In a possible implementation manner, the predetermined encoding manner includes a header area, a prefix area, an index area, and a content area, and the third processing module is configured to:
determining the total number of the combined IP address fields, the number of the IP address fields corresponding to each IP prefix and the total number of bytes of the residual physical address information after the repeated physical address information is filtered out from the aggregation list, wherein the IP prefix is a first decimal number of the IP address of a dotted decimal character string type;
writing the total number of the IP address fields after merging into a file header region, writing an index region starting position and an index region ending position determined according to the number of the IP address fields corresponding to each IP prefix into a prefix region as prefix data information, writing an ending IP address, a physical address information starting position and a physical address information length of each IP address field corresponding to each predetermined IP prefix into an index region as index data information, and writing the remaining physical address information in a content region after filtering the repeated physical address information in a set list;
the space size of the content area is the total number of bytes of the physical address information left after the repeated physical address information is filtered out from the aggregation list.
In a possible implementation manner, the apparatus further includes a fourth processing module, where the fourth processing module is configured to:
when receiving a query request for querying physical address information corresponding to a target IP address, determining a target IP prefix of the target IP address, and converting the target IP address into a decimal numerical value type IP address by a preset conversion method, wherein the target IP address is an IP address of a dotted decimal character string type, and the target IP prefix is a first decimal number of the target IP address;
inquiring a prefix area of the coded file according to the target IP prefix to obtain a corresponding target index area initial position and a target index area end position;
and searching physical address information corresponding to the decimal value type IP address in the interval between the starting position of the target index area and the ending position of the target index area.

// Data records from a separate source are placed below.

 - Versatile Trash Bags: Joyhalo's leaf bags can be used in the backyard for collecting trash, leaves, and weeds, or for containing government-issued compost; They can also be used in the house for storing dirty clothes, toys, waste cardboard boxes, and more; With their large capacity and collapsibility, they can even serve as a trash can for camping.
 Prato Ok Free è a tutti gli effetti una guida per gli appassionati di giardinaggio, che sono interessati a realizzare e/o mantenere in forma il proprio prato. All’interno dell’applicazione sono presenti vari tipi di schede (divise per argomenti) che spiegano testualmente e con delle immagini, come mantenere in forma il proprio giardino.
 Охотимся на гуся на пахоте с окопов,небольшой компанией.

In a possible implementation manner, when the fourth processing module searches for physical address information corresponding to the decimal value type IP address in the interval between the starting position of the target index area and the ending position of the target index area, the fourth processing module is configured to:
and searching index data information of which the current termination IP address is smaller than the decimal numerical value type IP address and the next termination IP address of the current termination IP address is larger than the decimal numerical value type IP address in an interval of the starting position of the target index area and the ending position of the target index area, and obtaining physical address information corresponding to the decimal numerical value type IP address according to the starting position of the physical address information and the length of the physical address information in the index data information.
In one possible implementation, the predetermined conversion method comprises a socket.

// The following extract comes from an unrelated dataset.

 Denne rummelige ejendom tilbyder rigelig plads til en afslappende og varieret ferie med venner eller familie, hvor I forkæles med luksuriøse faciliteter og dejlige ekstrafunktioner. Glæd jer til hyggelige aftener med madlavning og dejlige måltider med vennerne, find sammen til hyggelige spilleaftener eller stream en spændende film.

According to the device provided by the embodiment of the application, the at least one second IP address data can be obtained according to the at least one first IP address data, so that a precondition guarantee is provided for subsequent compression processing and encoding processing; the IP address field of at least one second IP address data and the physical address information corresponding to the IP address field are respectively compressed, so that the storage space required for storing the IP address data can be greatly reduced, meanwhile, the IP address data comprises the IP address field and the physical address information corresponding to the IP address field, and complete IP address data is ensured, so that the query accuracy of subsequent IP address data is improved, the result obtained by compression is coded into a corresponding coding file according to a preset coding mode, the storage space can be further saved, the subsequent query of the IP address data is facilitated, the query efficiency is improved, and the analysis of the IP address data is simpler and more efficient.

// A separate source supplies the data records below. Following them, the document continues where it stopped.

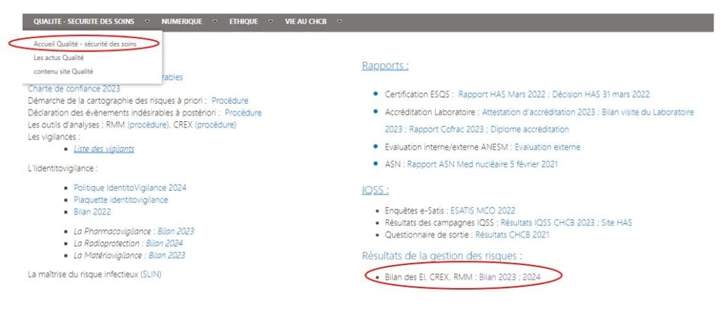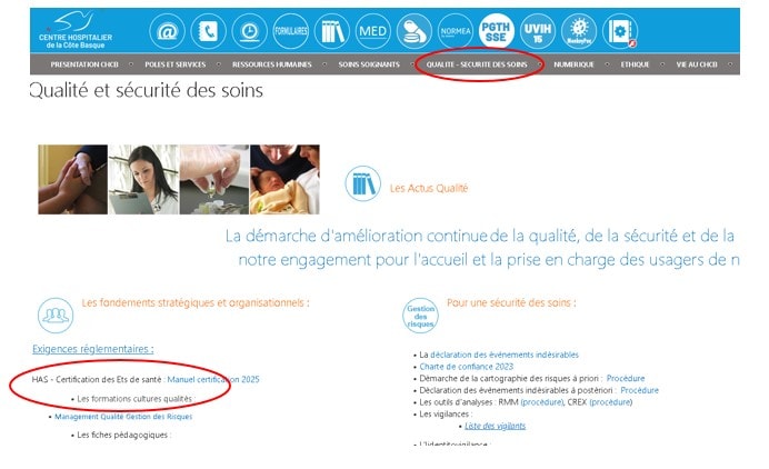 Pour les personnes n’ayant pas pu assister aux sessions du premier chapitre « Management de la Qualité », il vous est possible de visualiser la formation sur le site intranet de l’établissement. Vous pouvez y accéder en vous rendant dans l’onglet “Accueil Qualité – Sécurité des soins”.
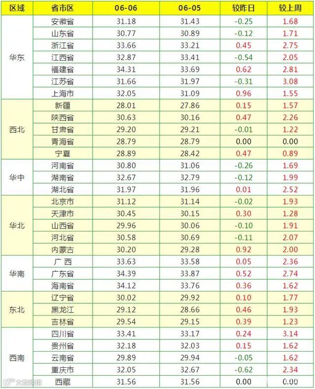 6月6日外三元猪价涨跌表(元/公斤):17涨,12跌,2稳。
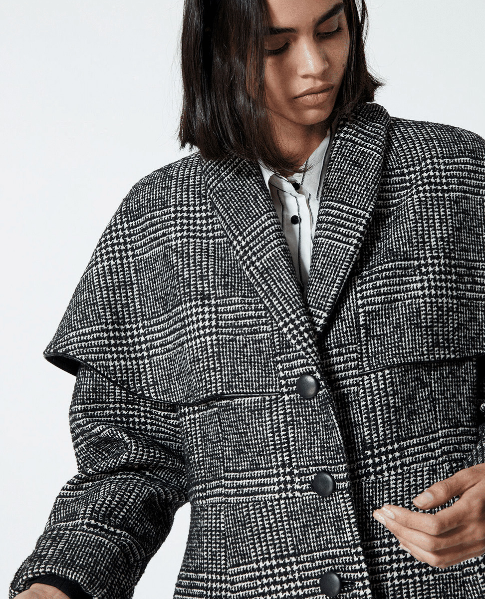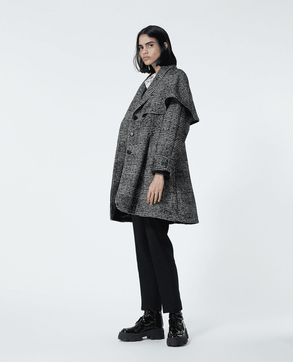 Découvrez le manteau avec effet cape au dos de The Kooples, une pièce incontournable pour affronter l'hiver avec élégance. Ce manteau allie sophistication et modernité, offrant une silhouette flatteuse qui met en valeur votre style unique. Sa coupe innovante avec l'effet cape au dos apporte une touche de dynamisme, tout en garantissant chaleur et confort.

It should be noted that the present embodiment is an apparatus embodiment corresponding to the method embodiment described above, and the present embodiment can be implemented in cooperation with the method embodiment described above. The related technical details mentioned in the above method embodiments are still valid in this embodiment, and are not described herein again in order to reduce repetition. Accordingly, the related-art details mentioned in the present embodiment can also be applied to the above-described method item embodiments.
Another embodiment of the present application provides an electronic device, as shown in fig. 6, an electronic device 600 shown in fig. 6 includes: a processor 601 and a memory 603. The processor 601 is coupled to the memory 603, such as via a bus 602. Further, the electronic device 600 may also include a transceiver 604. It should be noted that the transceiver 604 is not limited to one in practical applications, and the structure of the electronic device 600 is not limited to the embodiment of the present application.
The processor 601 is applied to the embodiment of the present application, and is used to implement the functions of the first processing module, the second processing module, and the third processing module shown in fig. 5. The transceiver 604 includes a receiver and a transmitter.
The processor 601 may be a CPU, general purpose processor, DSP, ASIC, FPGA or other programmable logic device, transistor logic device, hardware component, or any combination thereof. Which may implement or perform the various illustrative logical blocks, modules, and circuits described in connection with the disclosure. The processor 601 may also be a combination of computing functions, e.g., comprising one or more microprocessors, DSPs and microprocessors, and the like.
Bus 602 may include a path that transfers information between the above components. The bus 602 may be a PCI bus or an EISA bus, etc. The bus 602 may be divided into an address bus, a data bus, a control bus, and the like. For ease of illustration, only one thick line is shown in FIG. 6, but this is not intended to represent only one bus or type of bus.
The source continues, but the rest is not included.